TASK GOAL: Begin at the top of the records below and print each line exactly until the line containing "Her er Viktor" has been printed; any pictures are to be left out.

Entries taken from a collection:
+ + + +
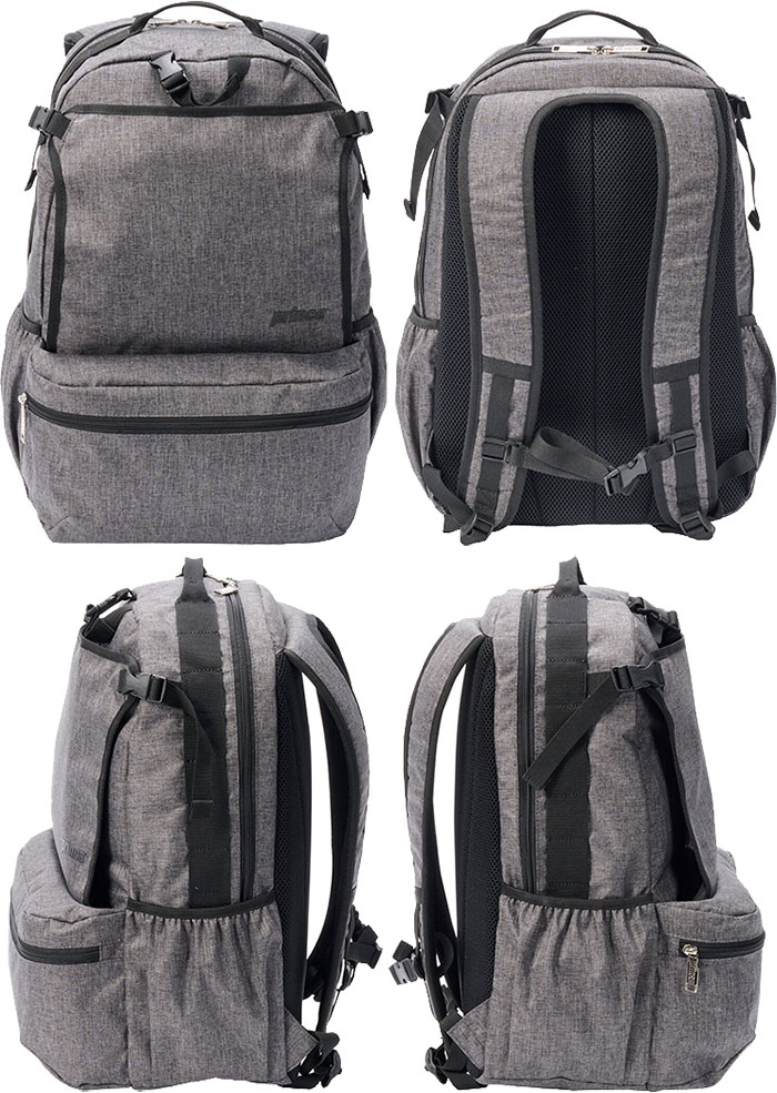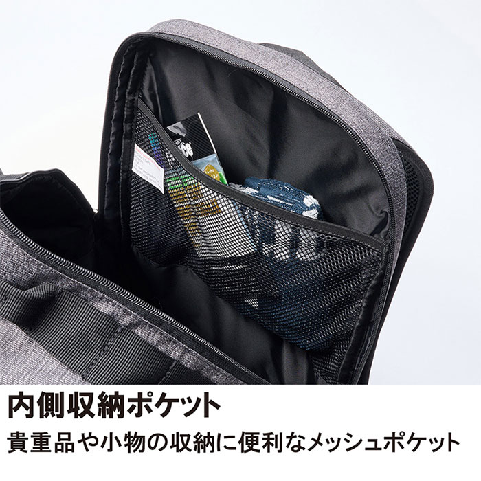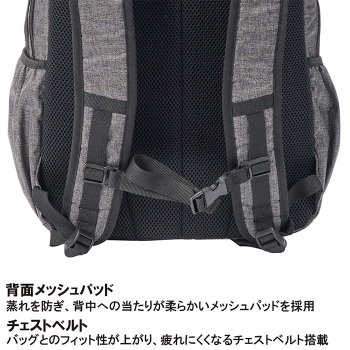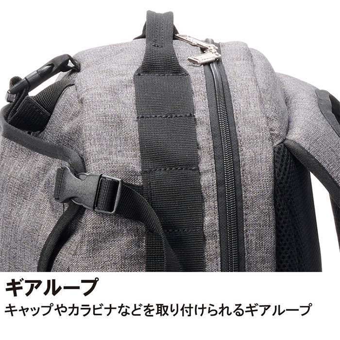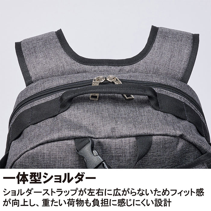 杢調生地を使用し、肩からずり落ちにくい一体型ショルダー採用のバックパック
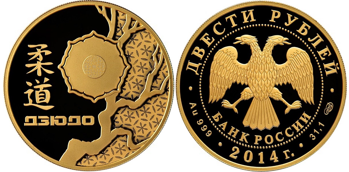 Золотая монета Дзюдо – 31.1 г чистого металла, 200 RUB, 2014
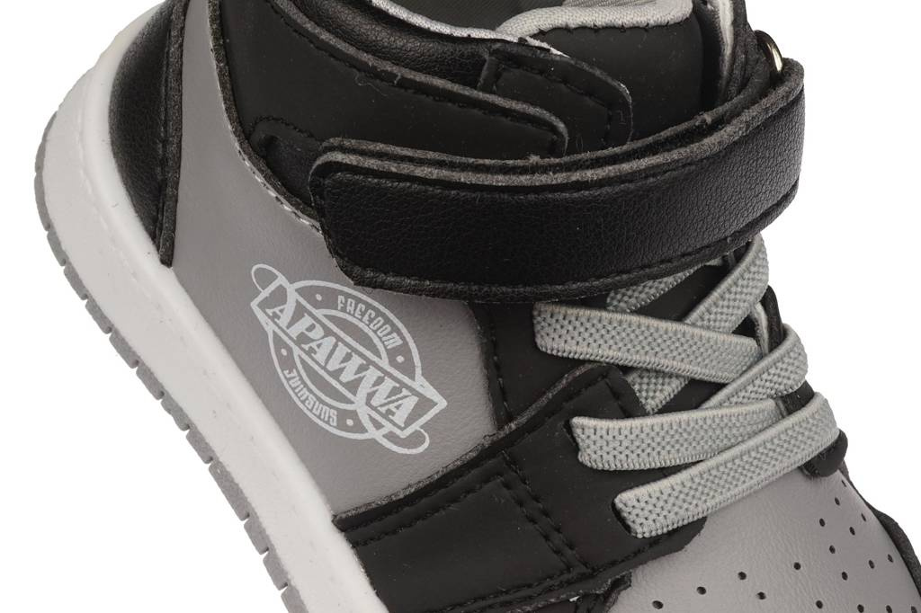 Buty sportowe dziecięce firmy Apawwa w kolorze czarnym z szarymi wstawkami oraz nadrukiem na boku. Cholewka została wykonana ze skóry ekologicznej wysokiej jakości w bardzo ładnym designie na wzór oryginalnych butów sportowych. Wewnątrz znajduję się niezwykle miękka wkładka ze skóry naturalnej, odpowiada ona za prawidłowe ułożenie stopy jak i wysoki komfort podczas chodzenia. Gumowe podeszwy zabezpieczają przed poślizgiem a buty same w sobie są lekkie, wygodne i świetnie prezentują się na nodze. Zapięcie na rzepę ułatwia i przyśpiesza zakładanie a gumki imitujące sznurówki dodają charakteru. Buty sportowe chłopięce Apawwa będą idealne do codziennego użytku, świetnie uzupełnią każdą stylizację. Dostępne są w naszej hurtowni obuwia w rozmiarach 20-25.
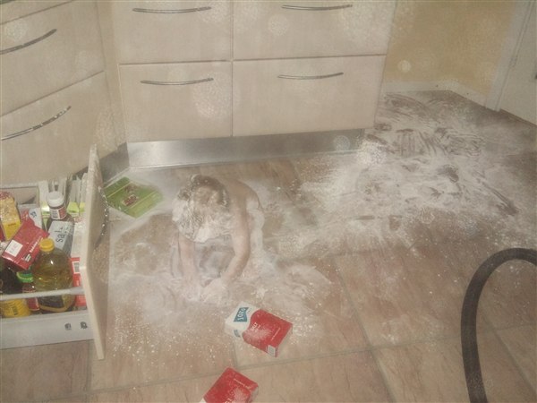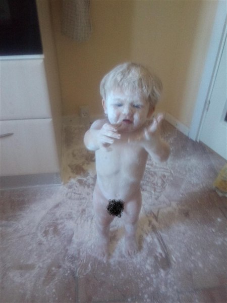 Her er Viktor med maizena og salt over det hele...
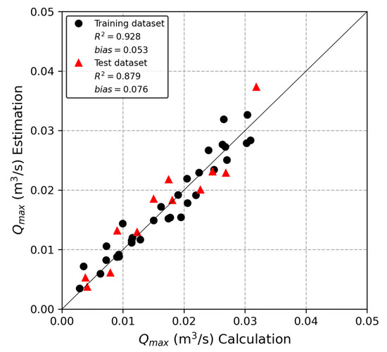 The calculated and estimated values are illustrated in Figure 12. The calculated value was obtained from the experimental data of and . In the estimated value, Equations (14) and (15) were used to estimate and . As shown in Figure 12, both the calculated and estimated values demonstrate a good agreement, with 0.928 and 0.053 for the training dataset, and 0.879 and 0.076 for the testing dataset.
+ + + +
EXERCISE RESULT:
 杢調生地を使用し、肩からずり落ちにくい一体型ショルダー採用のバックパック
 Золотая монета Дзюдо – 31.1 г чистого металла, 200 RUB, 2014
 Buty sportowe dziecięce firmy Apawwa w kolorze czarnym z szarymi wstawkami oraz nadrukiem na boku. Cholewka została wykonana ze skóry ekologicznej wysokiej jakości w bardzo ładnym designie na wzór oryginalnych butów sportowych. Wewnątrz znajduję się niezwykle miękka wkładka ze skóry naturalnej, odpowiada ona za prawidłowe ułożenie stopy jak i wysoki komfort podczas chodzenia. Gumowe podeszwy zabezpieczają przed poślizgiem a buty same w sobie są lekkie, wygodne i świetnie prezentują się na nodze. Zapięcie na rzepę ułatwia i przyśpiesza zakładanie a gumki imitujące sznurówki dodają charakteru. Buty sportowe chłopięce Apawwa będą idealne do codziennego użytku, świetnie uzupełnią każdą stylizację. Dostępne są w naszej hurtowni obuwia w rozmiarach 20-25.
 Her er Viktor med maizena og salt over det hele...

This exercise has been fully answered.